Как спасти свою жизнь - Эрика Джонг
Шрифт:
Интервал:
Закладка:
Молчание.
— Да?
— Да, Изадора, это было мое личное дело.
— Дерьмо! Уж позволь мне не согласиться. Семь лет разделяла нас эта чудовищная ложь, поэтому у меня есть все основания полагать, что это касается нас обоих. Мне наплевать, что думает об этом доктор Стейнгессер. Была связь, которую ты скрывал, — это адюльтер, налицо все его признаки. Ты пошел к своему аналитику, я — к своему, и мы продолжали жить — каждый своей отдельной жизнью, все больше и больше отдаляясь друг от друга. Гнусное дело…
— Но я просто не хотел причинять тебе боль.
— Так ты причинил ее сейчас — в самый неподходящий момент.
— Теперь ты сильнее. Ты выдержишь.
Дома мы предались любви с такой страстью, которой не испытывали уже много лет.
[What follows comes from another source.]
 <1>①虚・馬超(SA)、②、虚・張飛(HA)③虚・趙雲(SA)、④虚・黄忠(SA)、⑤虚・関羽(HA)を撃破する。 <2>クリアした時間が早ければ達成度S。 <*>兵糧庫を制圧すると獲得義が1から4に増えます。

С тех пор в доме как будто поселился кто-то третий…
Кто же в любовном треугольнике предатель, кто — невидимый соперник, а кто — оскорбленный и униженный влюбленный? Ты, только ты, и никто, кроме тебя.
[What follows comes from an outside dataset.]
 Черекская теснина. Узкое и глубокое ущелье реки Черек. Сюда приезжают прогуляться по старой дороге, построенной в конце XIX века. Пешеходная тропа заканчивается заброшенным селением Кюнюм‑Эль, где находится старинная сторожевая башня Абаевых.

С тех пор в нашем доме поселился новый жилец. Я с Пенни ложилась, с ней я просыпалась. Она снилась мне по ночам. В памяти вдруг всплывали вещи, о которых я напрочь забыла за эти семь лет, например, трусики Пенни — на вешалке — в убогой ванне убогой офицерской квартиры в Гейдельберге. Сама Пенни — в гостиной той же квартиры; она откидывает с веснушчатого лба копну медно-рыжих волос и, похотливо улыбаясь, говорит — сначала мужу, потом мне: «Когда у тебя шестеро детей, мужику надо здорово потрудиться, чтобы тебя ублажить…» Пенни — у меня в больнице. Я лежу с переломанной ногой, а она спрашивает меня, что она может сделать для Беннета. А вот и я — улыбаюсь ее предупредительности и благодарю, благодарю, благодарю.
Я окунулась в прошлое. Время вернулось назад. Я опять в армии, на тоскливой военной базе, где вечно идет дождь, — на втором году скучной и полной скрытых слез семейной жизни.
Образ Пенни преследует меня: ее вздернутый нос, выгоревшие глаза, веснушки в духе Нормана Рокуэлла. Я не могу ни на чем сосредоточиться. Сажусь утром за стол, но вместо работы вспоминаю нашу квартиру в Гейдельберге и мой маленький кабинет со стенами, выкрашенными серой краской, — вот член Беннета погружается в ее горящее желанием лоно, а из шкафа на них глядят рукописи моих ранних книг…
Меня страшно волнуют подробности. Как долго длились их встречи? Как часто они встречались? Сколько раз подряд и в каких позах занимались они любовью? Они стонали? вскрикивали? шептали друг другу ласковые слова? Обсуждали потом нас, своих несчастных супругов? Делились впечатлениями о наших сексуальных причудах? Или помирали со смеху при мысли о том, как ловко обводят нас вокруг пальца? Дарили они друг другу подарки, обменивались талисманами, этими символами любви?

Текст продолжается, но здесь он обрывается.